Re: Virtualizing MSI-X on IMS via VFIO

From: Thomas Gleixner <tglx@linutronix.de>
To: Alex Williamson <alex.williamson@redhat.com>
Cc: "Tian\, Kevin" <kevin.tian@intel.com>,
	Jason Gunthorpe <jgg@nvidia.com>, "Dey\,
	Megha" <megha.dey@intel.com>, "Raj\, Ashok" <ashok.raj@intel.com>,
	"Pan\, Jacob jun" <jacob.jun.pan@intel.com>, "Jiang\,
	Dave" <dave.jiang@intel.com>, "Liu\, Yi L" <yi.l.liu@intel.com>,
	"Lu\, Baolu" <baolu.lu@intel.com>, "Williams\,
	Dan J" <dan.j.williams@intel.com>, "Luck\,
	Tony" <tony.luck@intel.com>, "Kumar\,
	Sanjay K" <sanjay.k.kumar@intel.com>,
	LKML <linux-kernel@vger.kernel.org>, KVM <kvm@vger.kernel.org>,
	Kirti Wankhede <kwankhede@nvidia.com>,
	Peter Zijlstra <peterz@infradead.org>,
	Marc Zyngier <maz@kernel.org>, Bjorn Helgaas <helgaas@kernel.org>
Subject: Re: Virtualizing MSI-X on IMS via VFIO
Date: Fri, 25 Jun 2021 10:29:30 +0200	[thread overview]
Message-ID: <87r1gquz2t.ffs@nanos.tec.linutronix.de> (raw)
In-Reply-To: <20210624154434.11809b8f.alex.williamson@redhat.com>

Alex!

On Thu, Jun 24 2021 at 15:44, Alex Williamson wrote:
> On Thu, 24 Jun 2021 17:14:39 +0200
> Thomas Gleixner <tglx@linutronix.de> wrote:
>
>> After studying the MSI-X specification again, I think there is another
>> option to solve this for MSI-X, i.e. the dynamic sizing part:
>> 
>> MSI requires to disable MSI in order to update the number of enabled
>> vectors in the control word.
>
> Exactly what part of the spec requires this?  This is generally the
> convention I expect too, and there are complications around contiguous
> vectors and data field alignment, but I'm not actually able to find a
> requirement in the spec that MSI Enable must be 0 when modifying other
> writable fields or that writable fields are latched when MSI Enable is
> set.

There is nothing in the spec which mandates that, but based on
experience I know that devices latch the number of vectors field when
the enable bit goes from 0 to 1, which makes sense. Devices derive their
internal interrupt routing from that.

>> which means that the function must reread the table entry when the mask
>> bit in the vector control word is cleared.
>
> What is a "valid" message as far as the device is concerned?  "Valid"
> is meaningful to system software and hardware, the device doesn't
> care.

That's correct, it uses whatever is there.

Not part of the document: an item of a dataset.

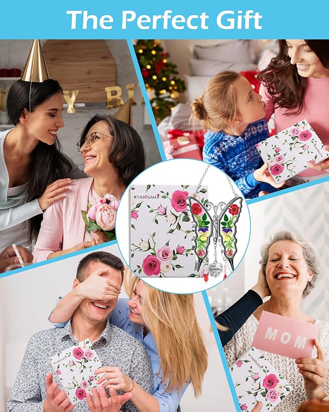 - ✅❤ Attractive and Uniquely House to live in Home decor Designed :Perfect birthday Gifts for Mom from daughter,Mom birthday gifts,Gift for Christmas Mother’s Day,Gifts for women who have everything,God bless mother in-law gifts,Nana Gifts,grandparents day gifts,As a festival gift or decor on Birthday party, Thanksgiving, Valentine`s Day,Stained Glass Panels crystal prism suncatcher for window hangings,Top gifts for women butterflies Mom gifts for daughters garden decor,and You will receive a pink rose flower color boxes packing with a butterfly suncatcher, painted enamel butterfly and a complimentary suction cup with hook,The carries a tag with " I Love You Grandma" engraved on it.

> So caching/latching occurs on unmask for MSI-X, but I can't find
> similar statements for MSI.  If you have, please note them.  It's
> possible MSI is per interrupt.

MSI is mostly implementation defined due to the blury specification.

Also the fact that MSI masking is optional does not make it any
better. Most devices (even new ones) do not have MSI masking.

> Anyway, at least MSI-X if not also MSI could have a !NORESIZE
> implementation, which is why this flag exists in vfio.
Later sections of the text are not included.